A plurality of straight portions 61 that are inserted into the same slot 52 and are adjacent in the radial direction of the stator core 5 are bent obliquely in opposite directions along the circumferential direction of the stator core 5 to form the oblique portions 611. In detail, of the two straight portions 61, 61 adjacent in the radial direction of the stator core 5, the oblique portion 611 of one straight portion 61 is bent in the X1 direction along the circumferential direction of the stator core 5. The rising portion 612 at the tip of the oblique portion 611 is bent so as to be slightly inclined in the X2 direction along the circumferential direction of the stator core 5 with respect to the axial direction of the stator core 5. The oblique portion 611 of the other straight portion 61 is bent in the X2 direction along the circumferential direction of the stator core 5. The rising portion 612 at the tip of the oblique portion 611 is bent so as to be slightly inclined in the X1 direction along the circumferential direction of the stator core 5 with respect to the axial direction of the stator core 5. In each slot 52, the diagonal portions 611 of the straight portions 61 arranged at the same radial position of the stator core 5 are bent in the same direction, the X1 direction or the X2 direction.

The rising portion 612 is formed only by the coating peeling portion 6B. The bending starting point P of the rising portion 612 is located on the coating peeling portion 6B, which is located on the tip side of the boundary portion 6C between the insulating coating 6A and the coating peeling portion 6B, and is not located on the insulating coating 6A. Therefore, the bending stress during bending does not act on the insulating coating 6A, and no peeling residue of the insulating coating 6A is generated.
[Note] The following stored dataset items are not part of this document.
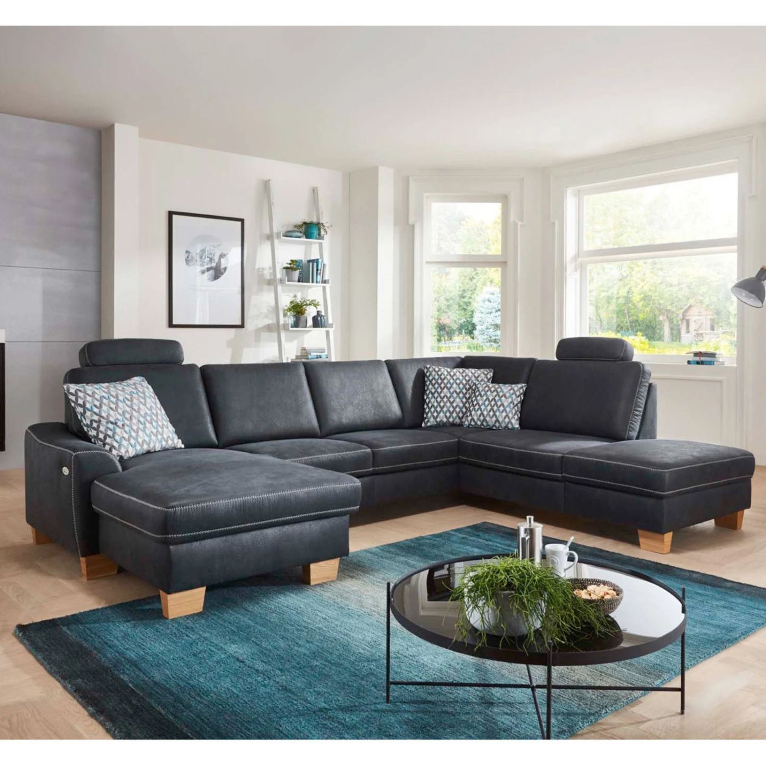 Nach einem stressigen Tag können Sie auf dieser 313 Zentimeter breiten Wohnlandschaft die Seele baumeln lassen und entspannen. Genießen Sie den hervorragenden Komfort und lassen Sie den Tag bei einem gemütlichen Fernsehabend ausklingen. Den tollen Sitzkomfort erlangt das Sofa durch den soften Sitz, der mit Kaltschaum gepolstert und mit Polstervlies ummantelt ist. Der denimfarbene Microfaser-Bezug wird von der beigefarbenen Kontrastnaht und den Holzfüßen in Eiche Bianco Nachbildung stimmig abgerundet und ergeben im Einklang ein wundervolles Gesamtbild.
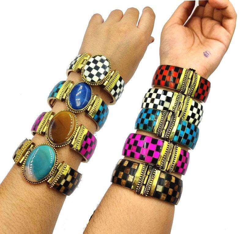 Bracelet manchette ethnique en laiton incrusté de os, fait main, accessoire de mode
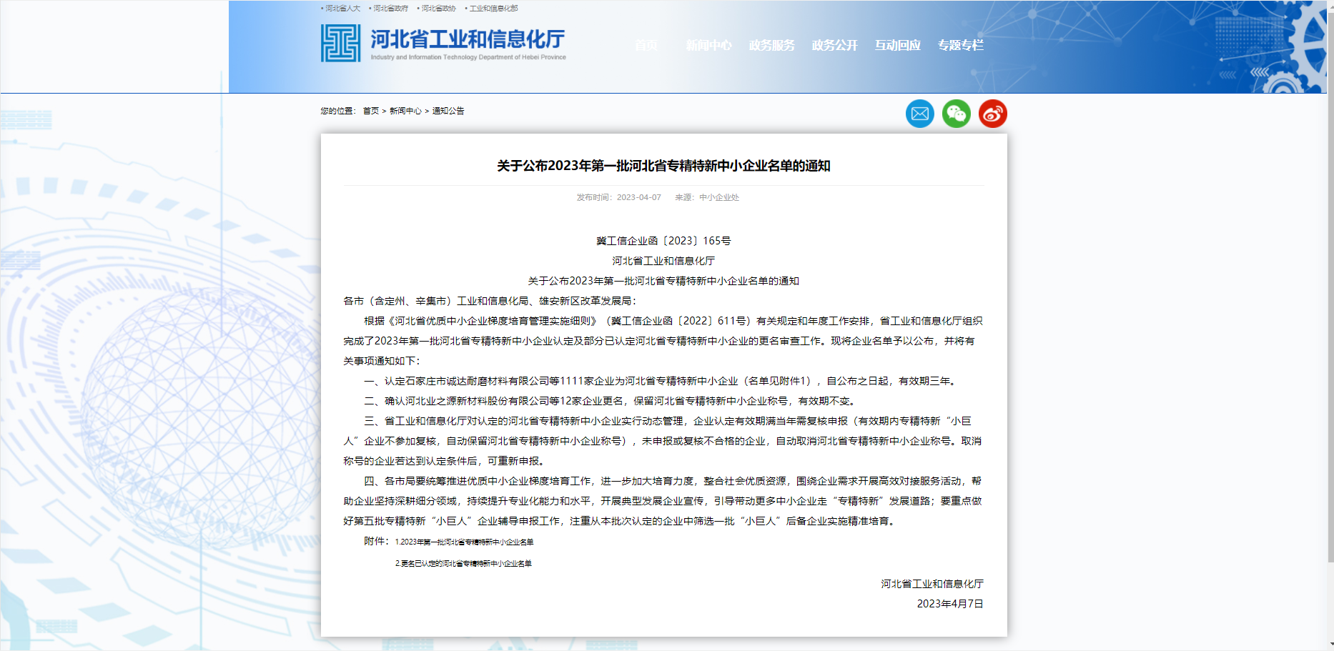 2023年4月7日,河北省工業(yè)和信息化廳發(fā)布《關(guān)于公布2023年第一批河北省專精特新中小企業(yè)名單的通知》,河北冀科工程項目管理有限公司被認定為2023年“專精特新”中小企業(yè)。

The angle θ1 formed by the line DL along the rising direction of the rising portion 612 after bending at the bending starting point P and the end face 5b of the stator core 5 in the circumferential direction of the stator core 5 is greater than 90 degrees. Therefore, the rising portion 612 is inclined so as to be bent back slightly toward the slot 52 into which the straight portion 61 is inserted.
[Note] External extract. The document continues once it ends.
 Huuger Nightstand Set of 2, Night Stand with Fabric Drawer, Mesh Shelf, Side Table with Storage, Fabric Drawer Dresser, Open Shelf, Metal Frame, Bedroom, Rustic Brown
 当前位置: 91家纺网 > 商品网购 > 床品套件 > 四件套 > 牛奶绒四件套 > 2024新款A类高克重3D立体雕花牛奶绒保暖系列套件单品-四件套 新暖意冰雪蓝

The straight portions 61 of all the segment coils 6 inserted into the slots 52 of the stator core 5 are bent in the same manner as above to form the diagonal portions 611 and the rising portions 612 consisting of the coating peeling portions 6B. Then, as shown in FIG. 6, the rising portions 612, 612 of the straight portions 61, 61 of the segment coils 6 of the same phase that are adjacent in the radial direction of the stator core 5 and have the diagonal portions 611 bent in opposite directions are aligned in the radial direction of the stator core 5 and welded together. This forms a welded portion 100 at the tip end 61a of the rising portion 612.
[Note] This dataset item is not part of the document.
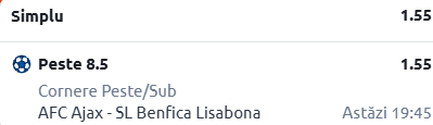 Avem etapă de Champions League în această săptămână, iar pentru ziua de astăzi, eu am reușit să extrag 3 pronosticuri în care am o încredere extrem de ridicată. Prefațăm mai întâi disputa dintre Ajax - Benfica!
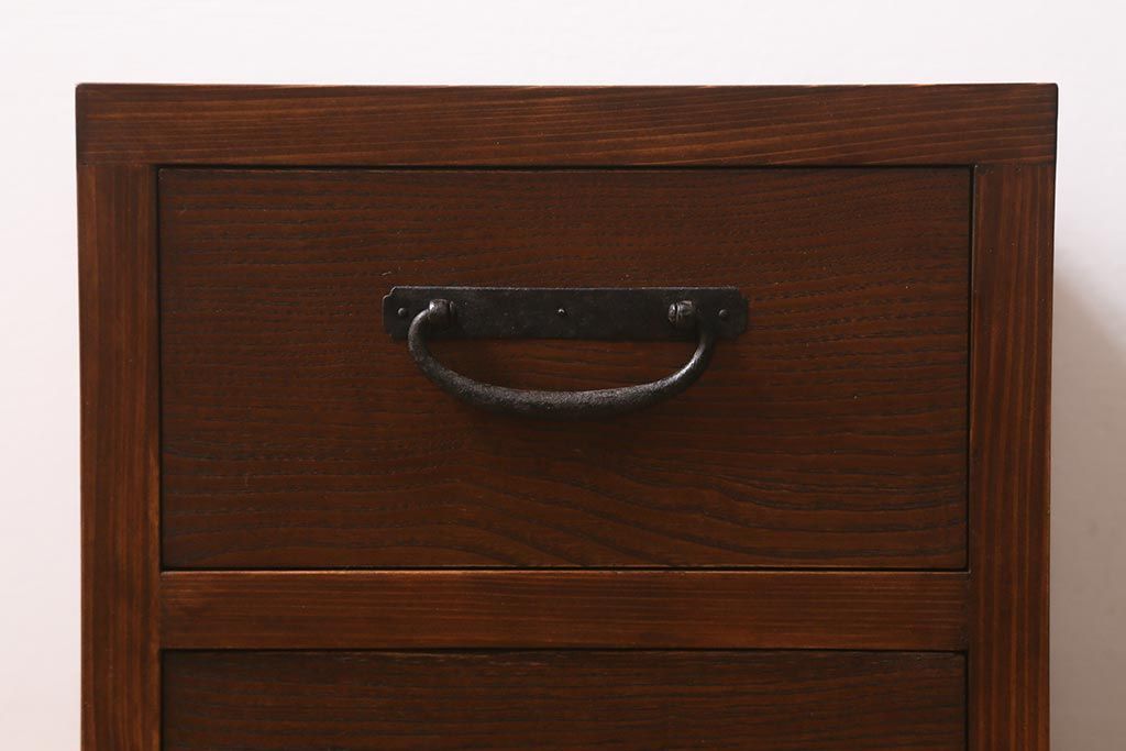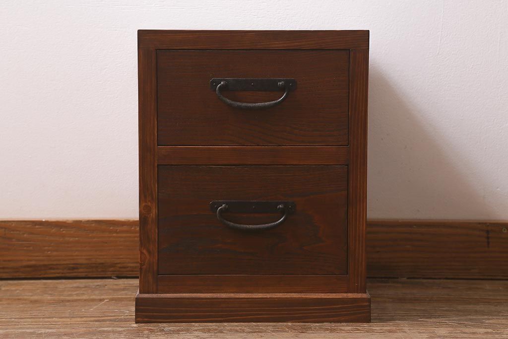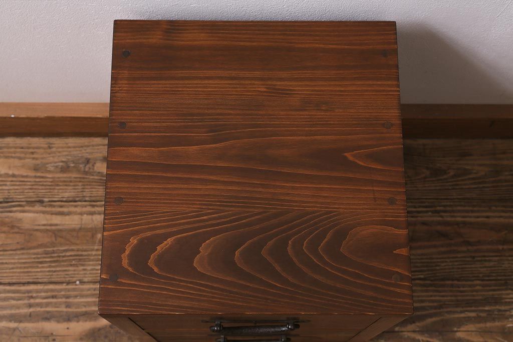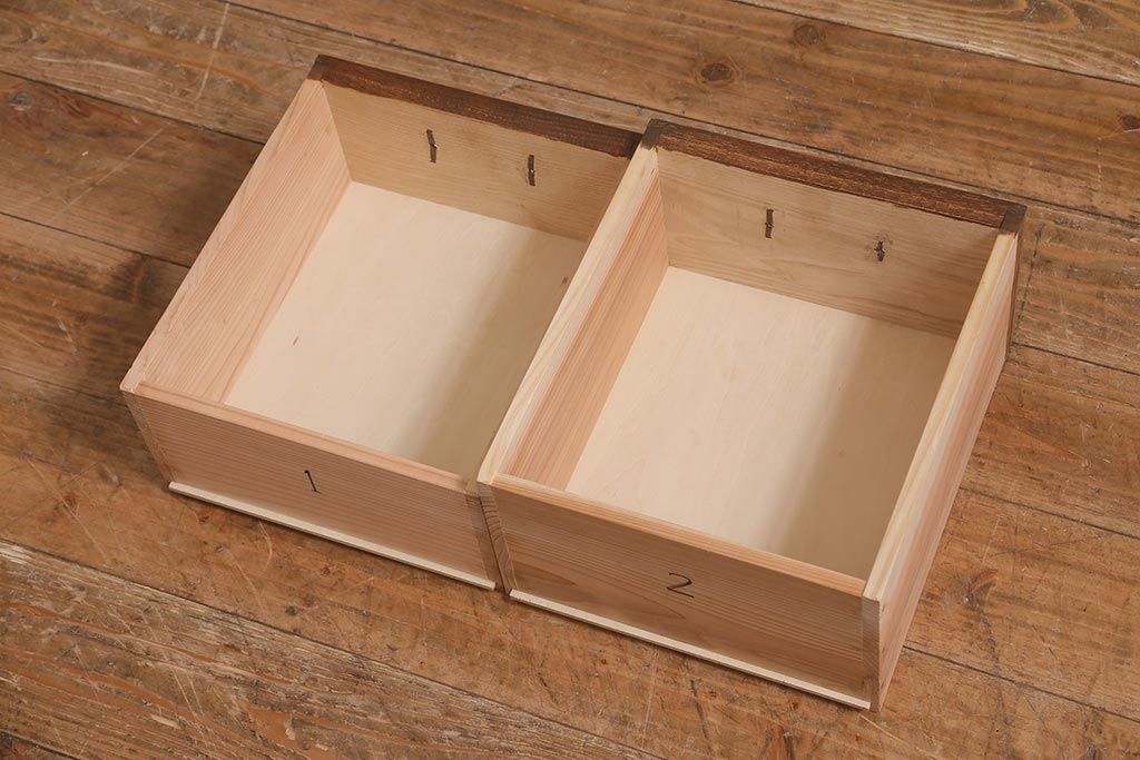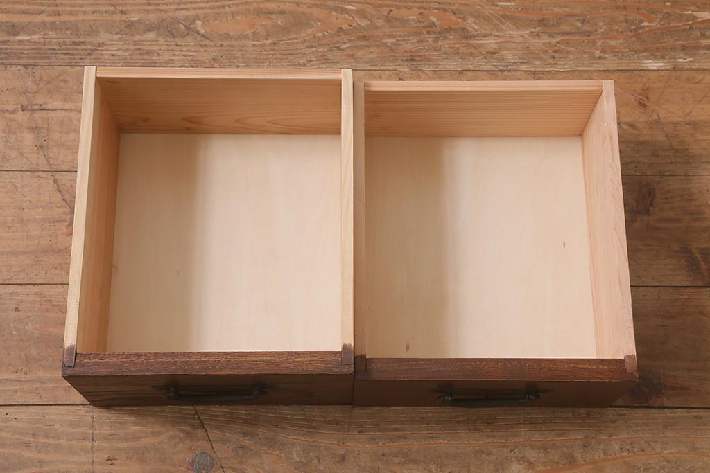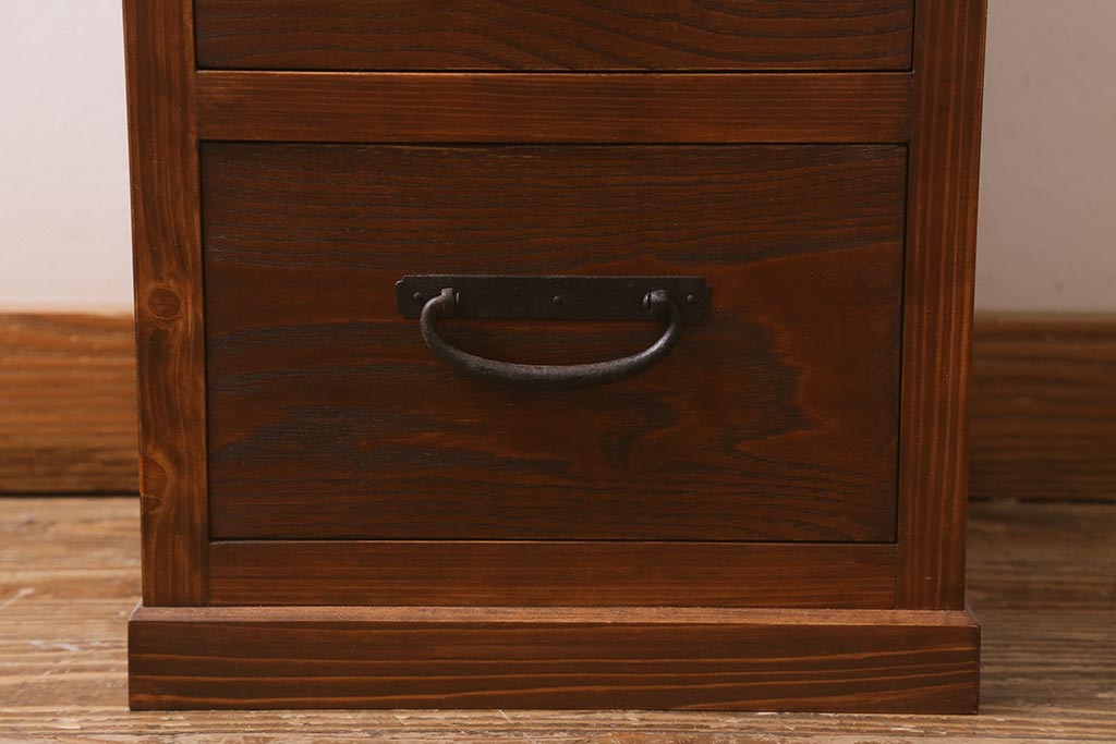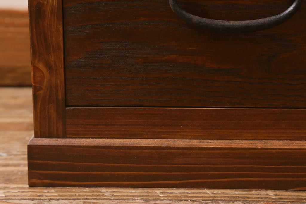ラフジュ工房オリジナル 古金具リメイク 前板栗材 ヒノキ材 引手が魅力の小引き出し(小物収納)(R-042649)

The rising portion 612 is inclined so as to be bent back slightly toward the slot 52 into which the straight portion 61 is inserted, so that when the tip portions 61a, 61a of the rising portions 612, 612 of the same-phase segment coils 6 are aligned, the positions of the boundary portions 6C between the insulating coating 6A and the coating peeling portion 6B are arranged closer to each other, as shown by the arrow in FIG. 6. Since all the boundary portions 6C do not intersect with the oblique portions 611 of the different-phase segment coils 6, the different-phase segment coils 6, 6 that intersect with each other have their insulating coatings 6A, 60A in contact with each other, as shown by portion A in FIG. 6, and do not have any portion in contact with the coating peeling portion 6B. Therefore, there is no risk of partial discharge occurring between the different-phase segment coils 6, 6 adjacent to each other in the radial direction of the stator core 5. In addition, there is no need to increase the protruding amount of the straight portion 61 of each segment coil 6 to avoid partial discharge, and the stator 4 is made smaller, so that the rotating electric machine 1 can be made smaller.

In contrast, unlike this embodiment, when the rising portion 612 is not inclined so as to be bent back as shown in FIG. 7, when the tip ends 61a, 61a of the rising portions 612, 612 of the segment coils 6 of the same phase are aligned, the positions of the boundary portion 6C between the insulating coating 6A and the coating peeling portion 6B are positioned farther apart than in the case of this embodiment shown in FIG. 6. Therefore, as shown by part B in FIG. 7, a contact area is generated between the insulating coating 6A and the coating peeling portion 6B, and partial discharge may occur between the segment coils 6, 6 of different phases adjacent to each other in the radial direction of the stator core 5.

Next, an example of a method for manufacturing the stator 4 of the rotating electric machine 1 of this embodiment will be described with reference to Figures 8 to 11.

Figure 8 shows the bending forming device 7 used to manufacture the stator 4 of the rotating electric machine 1 of this embodiment. Figure 9 is a view of a part of the bending forming device 7 from the bottom side. The bending forming device 7 is composed of multiple cylindrical bending jigs 71 arranged in a concentric circle.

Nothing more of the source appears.